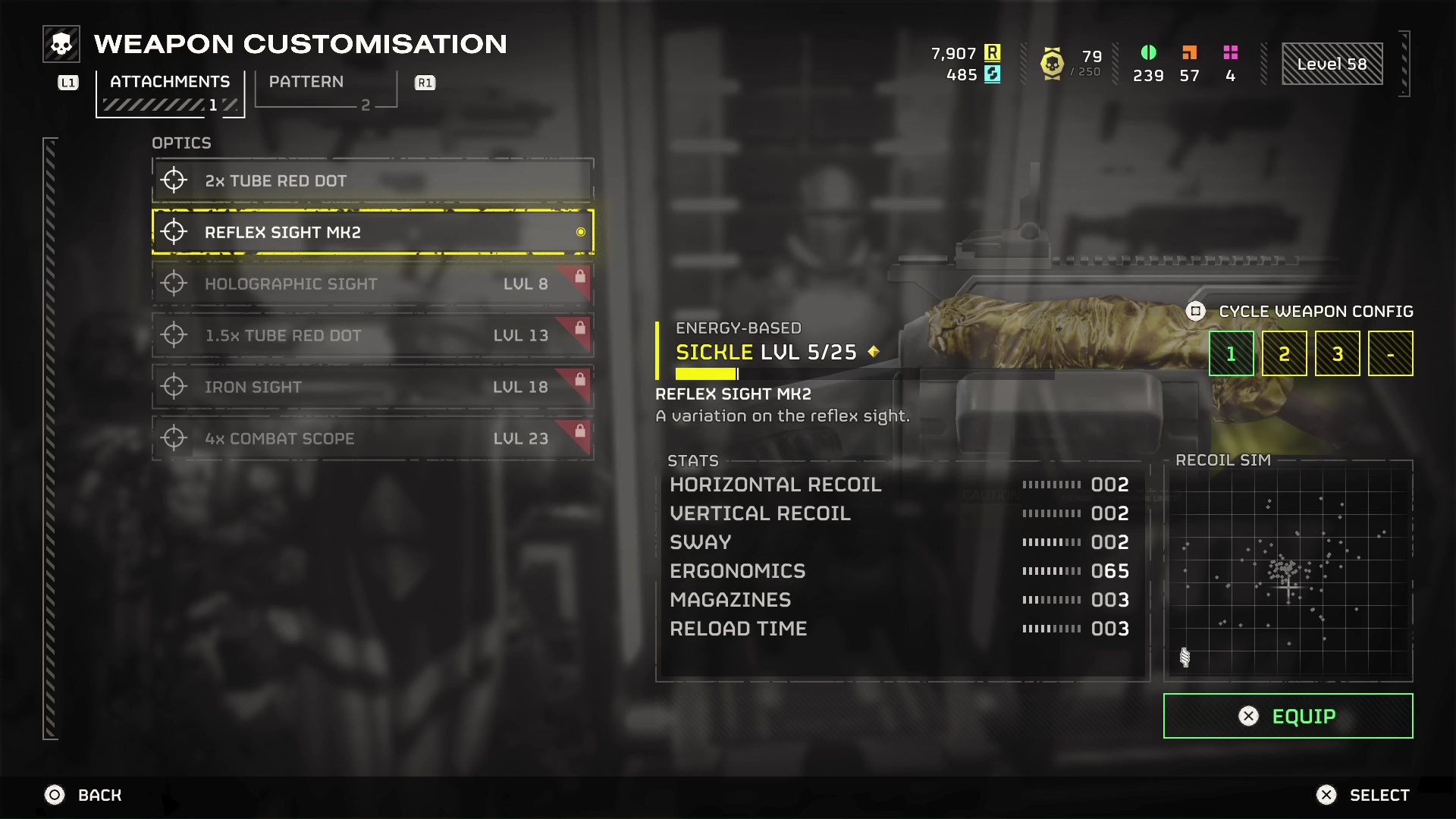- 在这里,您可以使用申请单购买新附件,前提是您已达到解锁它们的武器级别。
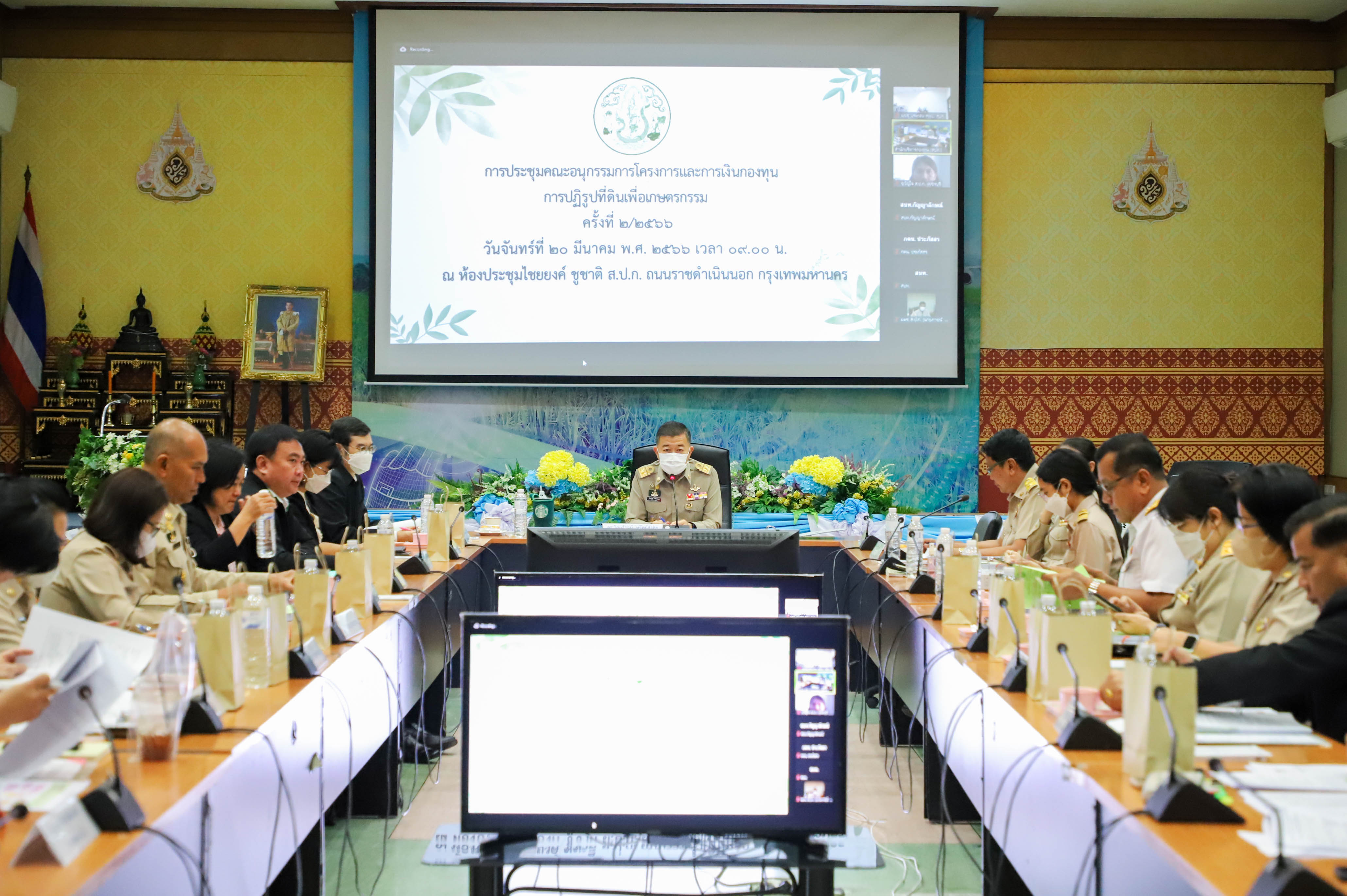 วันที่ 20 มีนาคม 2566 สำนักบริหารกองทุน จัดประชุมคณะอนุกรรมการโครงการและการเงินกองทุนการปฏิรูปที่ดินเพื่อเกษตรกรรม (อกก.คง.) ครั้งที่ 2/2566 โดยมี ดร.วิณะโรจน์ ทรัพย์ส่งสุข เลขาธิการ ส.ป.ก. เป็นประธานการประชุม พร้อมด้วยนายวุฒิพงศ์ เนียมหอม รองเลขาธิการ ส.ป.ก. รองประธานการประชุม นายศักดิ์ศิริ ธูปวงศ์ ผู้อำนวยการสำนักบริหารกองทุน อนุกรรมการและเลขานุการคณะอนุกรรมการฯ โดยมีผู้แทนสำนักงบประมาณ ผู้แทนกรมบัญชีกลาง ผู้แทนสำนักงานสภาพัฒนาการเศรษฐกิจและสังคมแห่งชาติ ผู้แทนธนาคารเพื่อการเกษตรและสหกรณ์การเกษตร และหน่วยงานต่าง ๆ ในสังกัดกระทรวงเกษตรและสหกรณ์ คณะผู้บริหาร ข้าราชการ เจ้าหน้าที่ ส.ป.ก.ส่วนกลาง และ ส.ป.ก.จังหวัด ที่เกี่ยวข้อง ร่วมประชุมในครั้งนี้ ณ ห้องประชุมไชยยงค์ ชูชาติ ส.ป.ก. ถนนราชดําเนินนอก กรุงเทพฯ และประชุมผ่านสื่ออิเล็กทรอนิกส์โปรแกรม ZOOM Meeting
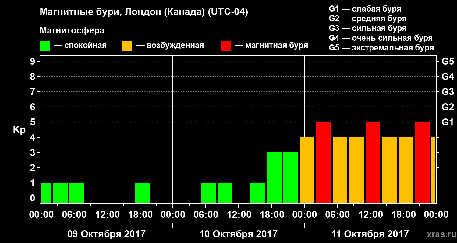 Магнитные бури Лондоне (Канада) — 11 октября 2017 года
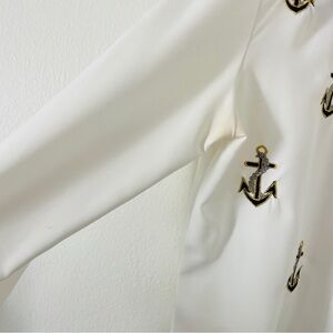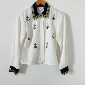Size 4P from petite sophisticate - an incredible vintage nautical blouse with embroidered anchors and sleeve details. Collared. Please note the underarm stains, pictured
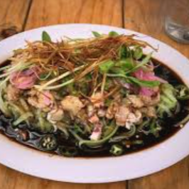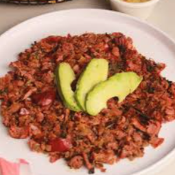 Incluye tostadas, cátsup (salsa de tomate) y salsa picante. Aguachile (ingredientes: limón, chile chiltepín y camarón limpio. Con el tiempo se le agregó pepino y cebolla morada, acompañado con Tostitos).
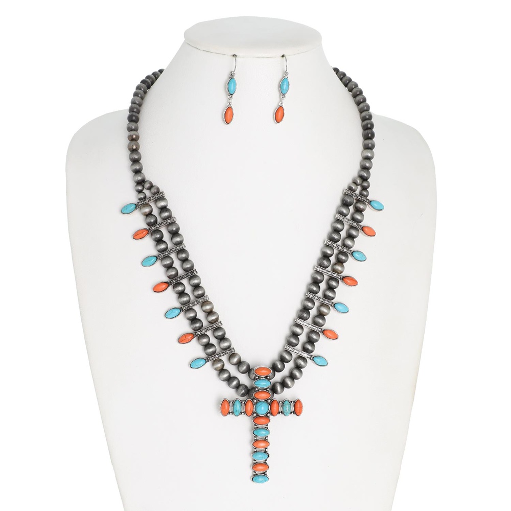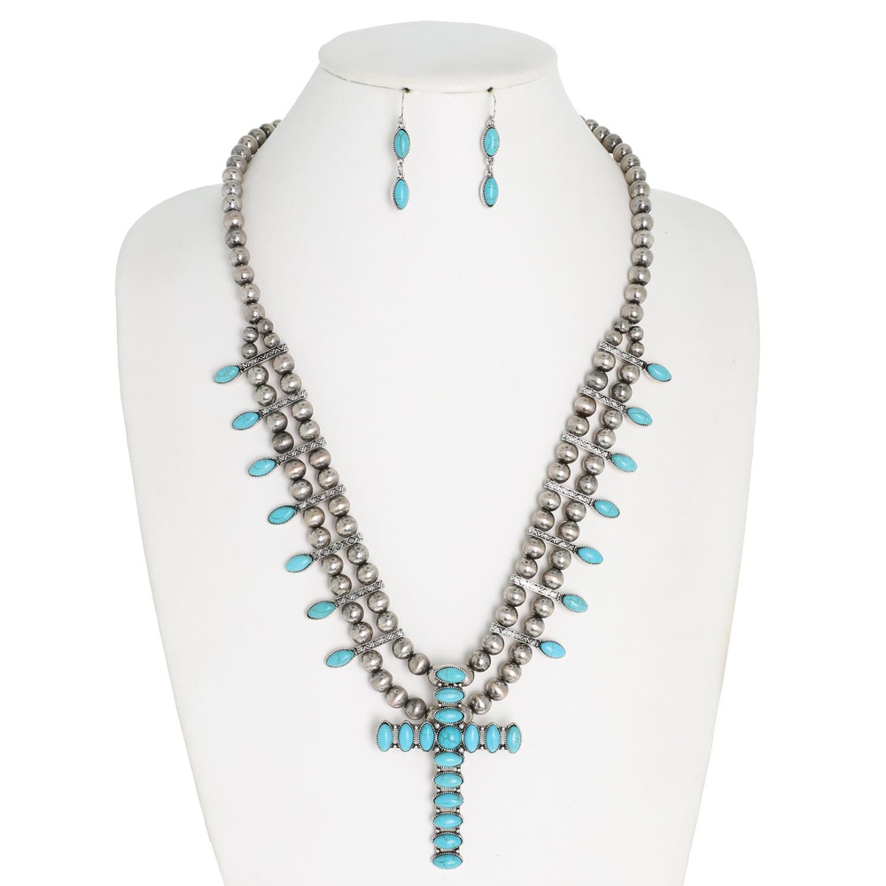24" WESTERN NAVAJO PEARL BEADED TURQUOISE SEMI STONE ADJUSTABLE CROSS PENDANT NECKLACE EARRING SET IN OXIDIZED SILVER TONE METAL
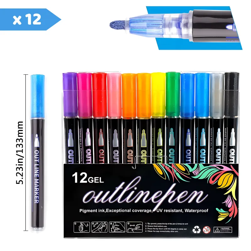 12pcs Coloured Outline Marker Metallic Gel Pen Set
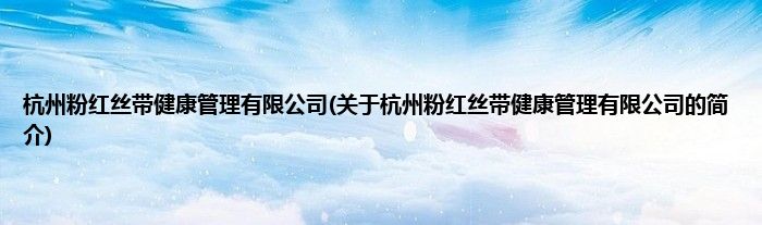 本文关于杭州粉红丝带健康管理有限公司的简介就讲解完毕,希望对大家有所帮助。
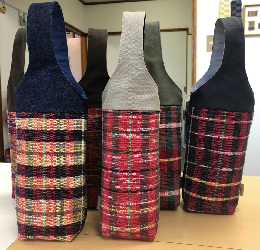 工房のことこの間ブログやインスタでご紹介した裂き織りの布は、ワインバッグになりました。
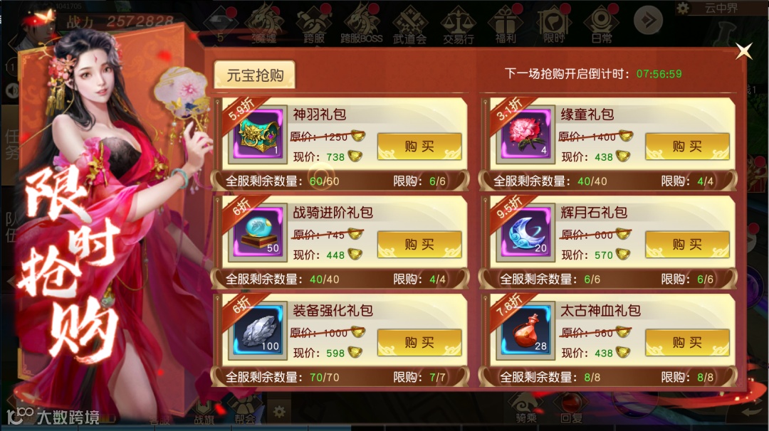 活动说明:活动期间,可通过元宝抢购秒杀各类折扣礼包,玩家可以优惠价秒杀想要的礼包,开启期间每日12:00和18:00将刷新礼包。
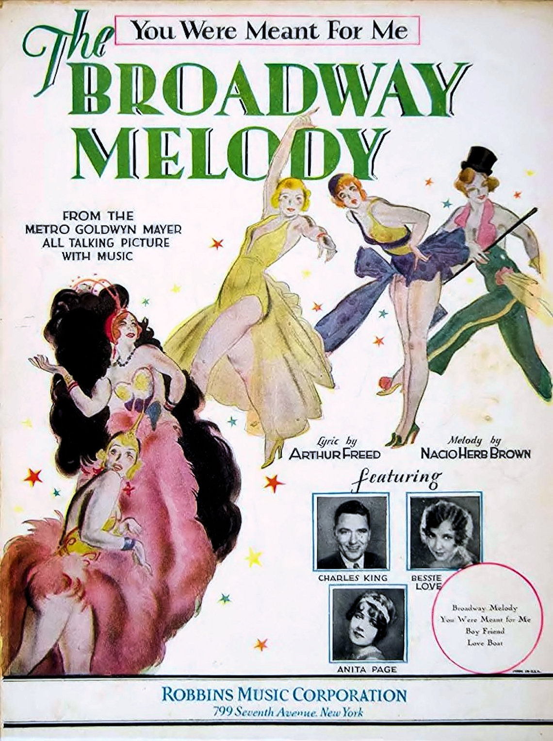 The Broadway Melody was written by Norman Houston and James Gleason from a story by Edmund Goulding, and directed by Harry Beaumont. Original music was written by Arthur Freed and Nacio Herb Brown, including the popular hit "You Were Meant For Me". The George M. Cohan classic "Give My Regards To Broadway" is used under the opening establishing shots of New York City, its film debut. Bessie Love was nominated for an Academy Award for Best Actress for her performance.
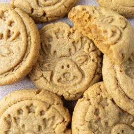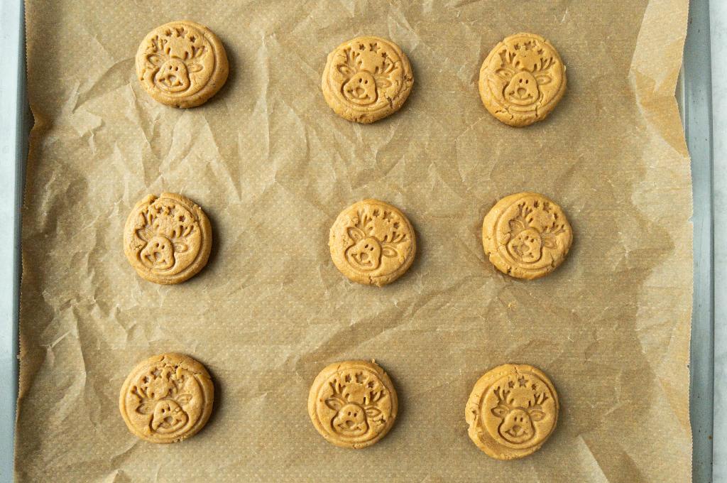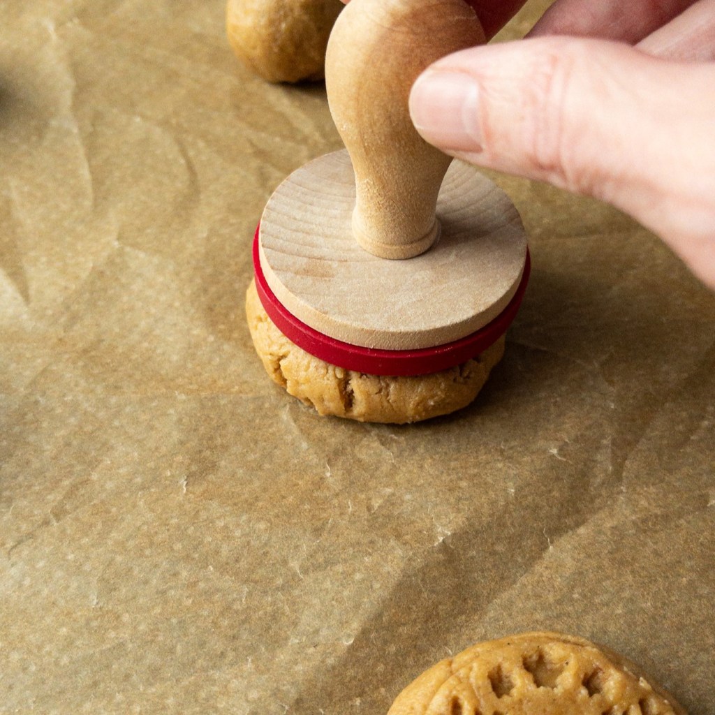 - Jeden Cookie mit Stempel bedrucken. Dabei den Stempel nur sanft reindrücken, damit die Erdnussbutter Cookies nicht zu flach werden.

*****

## Task
The lines needed are those from the one containing "The Broadway Melody" through the end of the listing, given again word for word and without any picture.

## Task response
 The Broadway Melody was written by Norman Houston and James Gleason from a story by Edmund Goulding, and directed by Harry Beaumont. Original music was written by Arthur Freed and Nacio Herb Brown, including the popular hit "You Were Meant For Me". The George M. Cohan classic "Give My Regards To Broadway" is used under the opening establishing shots of New York City, its film debut. Bessie Love was nominated for an Academy Award for Best Actress for her performance.
 - Jeden Cookie mit Stempel bedrucken. Dabei den Stempel nur sanft reindrücken, damit die Erdnussbutter Cookies nicht zu flach werden.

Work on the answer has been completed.